- **Exercise brief**
Take the entries below and print only the lines from the one with "6 Pcs Christmas" through the one with "안녕하세요 FTK English입니다.", exactly as they stand, both ends included.

- **Supplied entries**
------------------------------------------------------------------------

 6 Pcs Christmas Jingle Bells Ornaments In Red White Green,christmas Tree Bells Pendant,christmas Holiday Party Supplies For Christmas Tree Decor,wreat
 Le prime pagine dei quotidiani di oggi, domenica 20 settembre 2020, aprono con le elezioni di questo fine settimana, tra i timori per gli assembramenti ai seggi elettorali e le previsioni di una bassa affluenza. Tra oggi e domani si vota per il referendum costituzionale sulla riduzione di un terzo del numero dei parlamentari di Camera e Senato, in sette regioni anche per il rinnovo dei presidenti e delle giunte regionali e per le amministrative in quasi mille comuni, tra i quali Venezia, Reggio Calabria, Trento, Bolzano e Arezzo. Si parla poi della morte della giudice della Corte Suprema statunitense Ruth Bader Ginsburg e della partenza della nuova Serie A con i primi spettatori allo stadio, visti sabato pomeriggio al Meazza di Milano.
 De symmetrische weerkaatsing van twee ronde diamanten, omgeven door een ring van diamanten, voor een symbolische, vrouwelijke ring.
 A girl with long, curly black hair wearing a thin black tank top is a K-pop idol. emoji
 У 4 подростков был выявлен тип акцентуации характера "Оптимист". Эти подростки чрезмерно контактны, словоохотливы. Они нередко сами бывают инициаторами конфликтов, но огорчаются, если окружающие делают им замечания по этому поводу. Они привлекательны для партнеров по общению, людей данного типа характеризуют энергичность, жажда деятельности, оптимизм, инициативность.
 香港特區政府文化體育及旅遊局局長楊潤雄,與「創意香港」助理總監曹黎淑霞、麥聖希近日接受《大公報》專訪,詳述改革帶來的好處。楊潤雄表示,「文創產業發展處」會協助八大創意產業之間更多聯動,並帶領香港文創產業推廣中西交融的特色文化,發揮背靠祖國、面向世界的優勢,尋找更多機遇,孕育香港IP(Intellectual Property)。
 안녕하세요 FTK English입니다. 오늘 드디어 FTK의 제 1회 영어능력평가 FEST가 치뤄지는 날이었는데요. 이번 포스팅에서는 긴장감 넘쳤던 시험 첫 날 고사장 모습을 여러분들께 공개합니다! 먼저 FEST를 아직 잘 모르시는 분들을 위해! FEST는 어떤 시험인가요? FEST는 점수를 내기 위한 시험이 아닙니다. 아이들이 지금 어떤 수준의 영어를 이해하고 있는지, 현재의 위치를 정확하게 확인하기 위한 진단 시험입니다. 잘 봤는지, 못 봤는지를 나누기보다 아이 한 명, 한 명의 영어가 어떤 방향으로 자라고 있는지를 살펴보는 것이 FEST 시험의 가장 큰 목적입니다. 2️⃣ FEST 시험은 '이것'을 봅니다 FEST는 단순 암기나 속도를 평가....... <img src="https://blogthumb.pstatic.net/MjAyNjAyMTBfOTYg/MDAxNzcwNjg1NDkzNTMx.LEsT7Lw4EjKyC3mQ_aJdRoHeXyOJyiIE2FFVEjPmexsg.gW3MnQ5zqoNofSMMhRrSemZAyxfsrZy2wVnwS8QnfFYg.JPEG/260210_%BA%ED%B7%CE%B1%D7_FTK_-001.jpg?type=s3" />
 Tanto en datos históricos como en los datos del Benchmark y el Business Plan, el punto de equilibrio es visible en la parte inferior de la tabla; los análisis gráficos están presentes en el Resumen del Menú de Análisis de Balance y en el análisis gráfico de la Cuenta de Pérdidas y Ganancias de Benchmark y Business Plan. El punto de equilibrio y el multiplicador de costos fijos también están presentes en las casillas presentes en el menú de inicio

------------------------------------------------------------------------

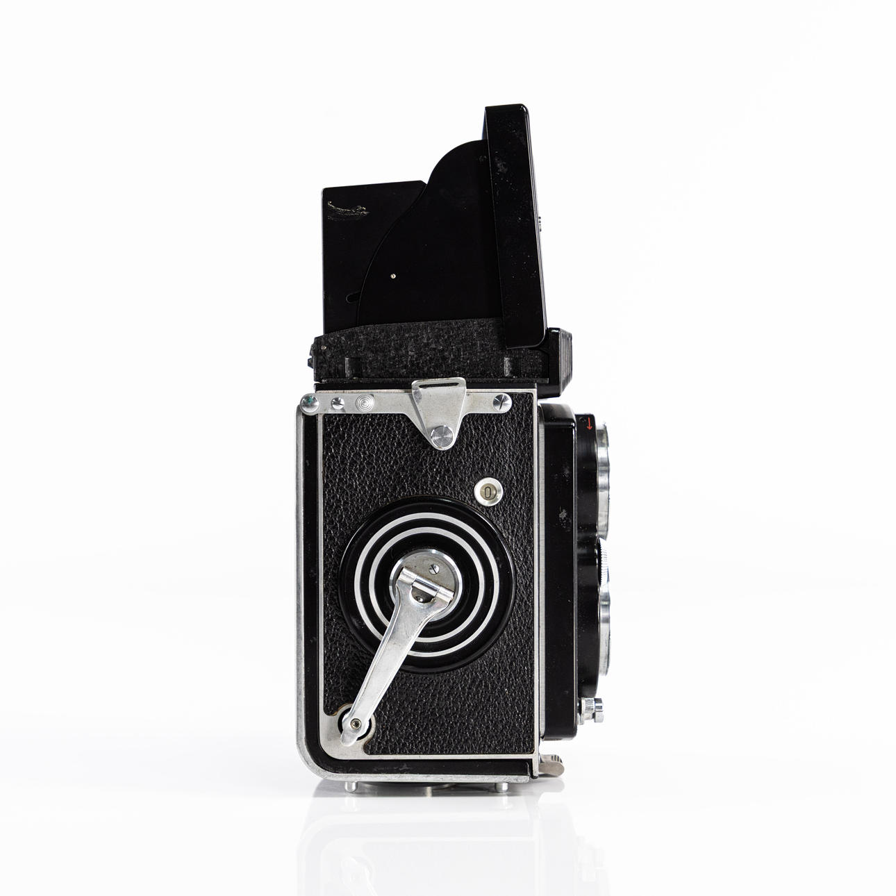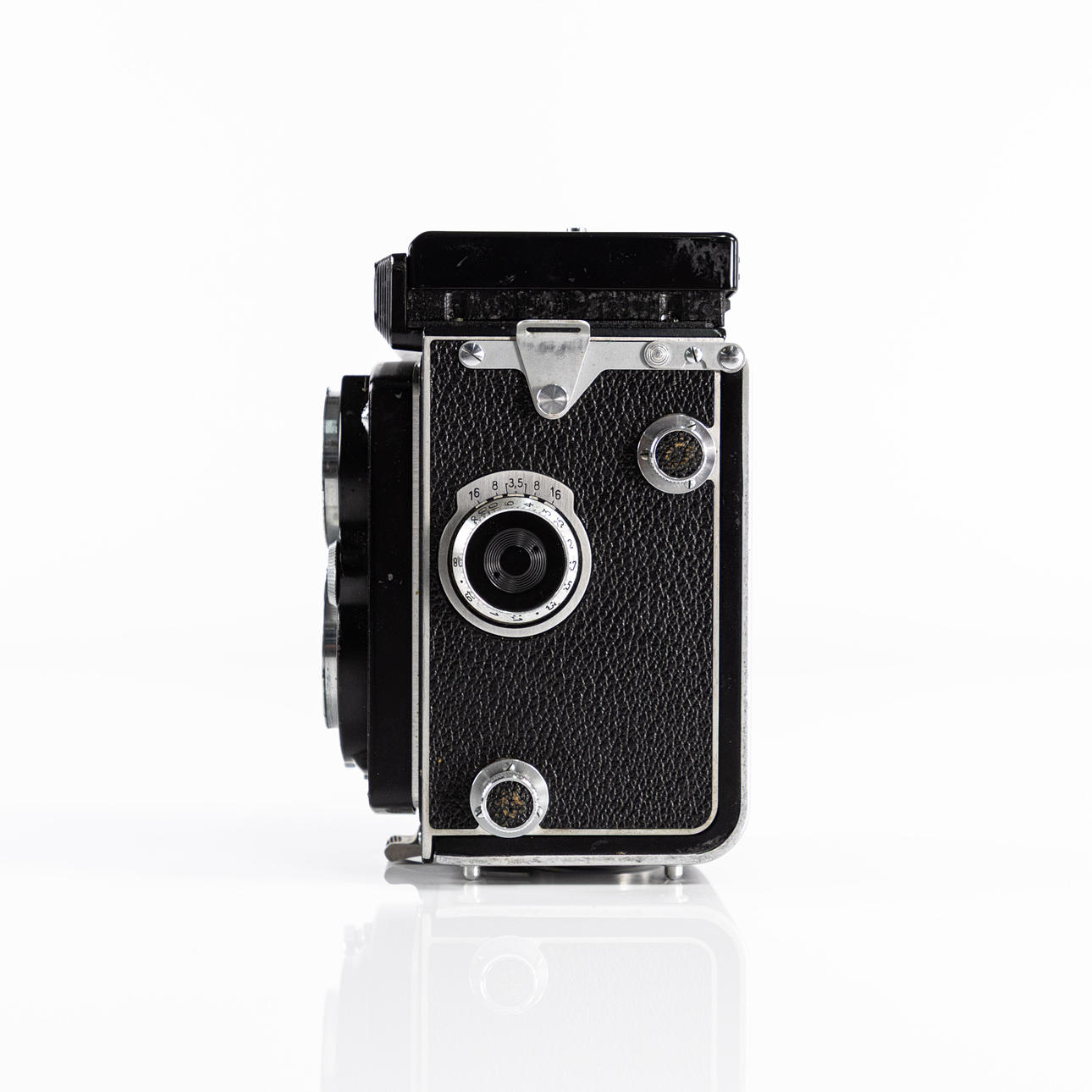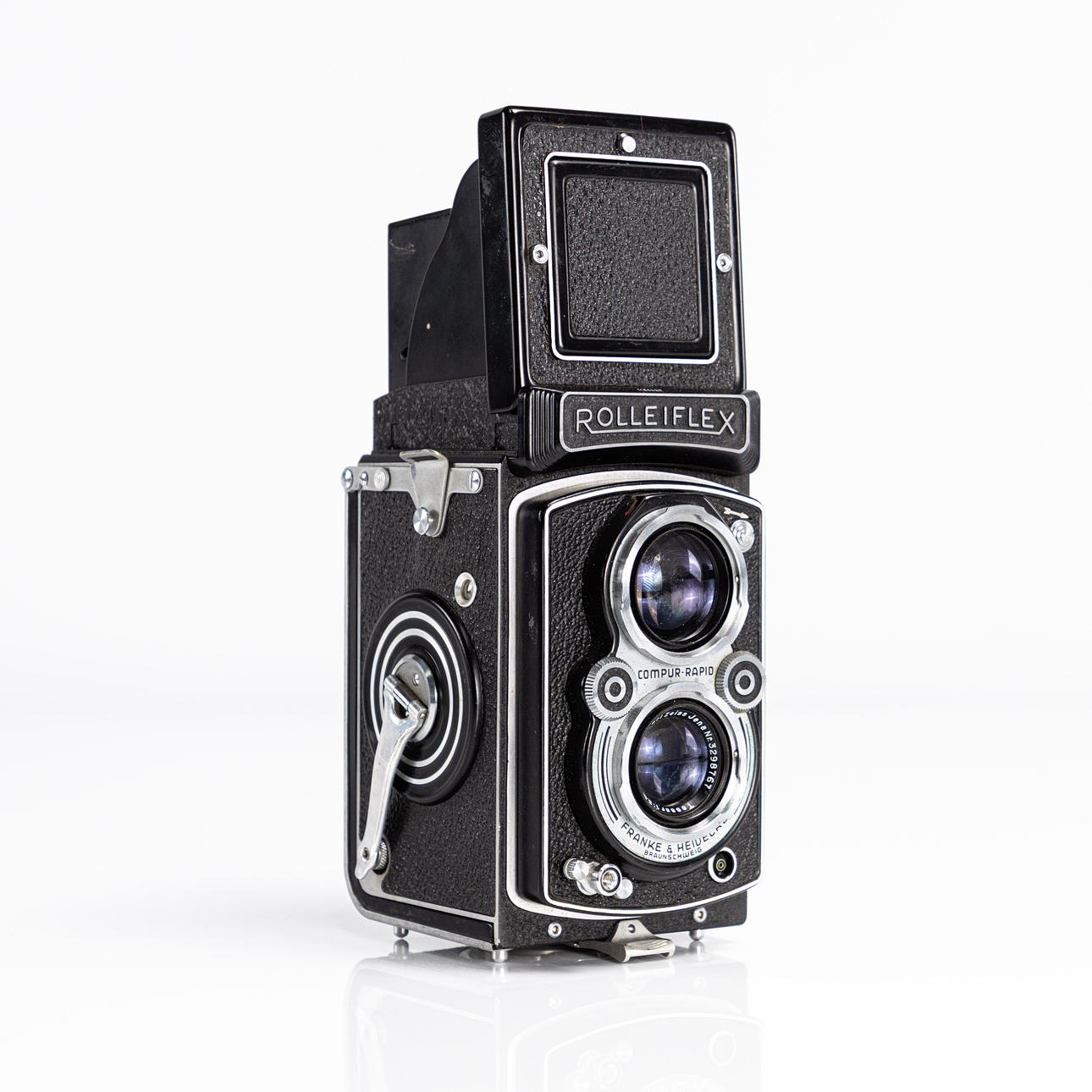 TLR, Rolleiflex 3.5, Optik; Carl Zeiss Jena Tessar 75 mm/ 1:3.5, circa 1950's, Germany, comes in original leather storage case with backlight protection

------------------------------------------------------------------------

- **Result of the task**
 6 Pcs Christmas Jingle Bells Ornaments In Red White Green,christmas Tree Bells Pendant,christmas Holiday Party Supplies For Christmas Tree Decor,wreat
 Le prime pagine dei quotidiani di oggi, domenica 20 settembre 2020, aprono con le elezioni di questo fine settimana, tra i timori per gli assembramenti ai seggi elettorali e le previsioni di una bassa affluenza. Tra oggi e domani si vota per il referendum costituzionale sulla riduzione di un terzo del numero dei parlamentari di Camera e Senato, in sette regioni anche per il rinnovo dei presidenti e delle giunte regionali e per le amministrative in quasi mille comuni, tra i quali Venezia, Reggio Calabria, Trento, Bolzano e Arezzo. Si parla poi della morte della giudice della Corte Suprema statunitense Ruth Bader Ginsburg e della partenza della nuova Serie A con i primi spettatori allo stadio, visti sabato pomeriggio al Meazza di Milano.
 De symmetrische weerkaatsing van twee ronde diamanten, omgeven door een ring van diamanten, voor een symbolische, vrouwelijke ring.
 A girl with long, curly black hair wearing a thin black tank top is a K-pop idol. emoji
 У 4 подростков был выявлен тип акцентуации характера "Оптимист". Эти подростки чрезмерно контактны, словоохотливы. Они нередко сами бывают инициаторами конфликтов, но огорчаются, если окружающие делают им замечания по этому поводу. Они привлекательны для партнеров по общению, людей данного типа характеризуют энергичность, жажда деятельности, оптимизм, инициативность.
 香港特區政府文化體育及旅遊局局長楊潤雄,與「創意香港」助理總監曹黎淑霞、麥聖希近日接受《大公報》專訪,詳述改革帶來的好處。楊潤雄表示,「文創產業發展處」會協助八大創意產業之間更多聯動,並帶領香港文創產業推廣中西交融的特色文化,發揮背靠祖國、面向世界的優勢,尋找更多機遇,孕育香港IP(Intellectual Property)。
 안녕하세요 FTK English입니다. 오늘 드디어 FTK의 제 1회 영어능력평가 FEST가 치뤄지는 날이었는데요. 이번 포스팅에서는 긴장감 넘쳤던 시험 첫 날 고사장 모습을 여러분들께 공개합니다! 먼저 FEST를 아직 잘 모르시는 분들을 위해! FEST는 어떤 시험인가요? FEST는 점수를 내기 위한 시험이 아닙니다. 아이들이 지금 어떤 수준의 영어를 이해하고 있는지, 현재의 위치를 정확하게 확인하기 위한 진단 시험입니다. 잘 봤는지, 못 봤는지를 나누기보다 아이 한 명, 한 명의 영어가 어떤 방향으로 자라고 있는지를 살펴보는 것이 FEST 시험의 가장 큰 목적입니다. 2️⃣ FEST 시험은 '이것'을 봅니다 FEST는 단순 암기나 속도를 평가....... <img src="https://blogthumb.pstatic.net/MjAyNjAyMTBfOTYg/MDAxNzcwNjg1NDkzNTMx.LEsT7Lw4EjKyC3mQ_aJdRoHeXyOJyiIE2FFVEjPmexsg.gW3MnQ5zqoNofSMMhRrSemZAyxfsrZy2wVnwS8QnfFYg.JPEG/260210_%BA%ED%B7%CE%B1%D7_FTK_-001.jpg?type=s3" />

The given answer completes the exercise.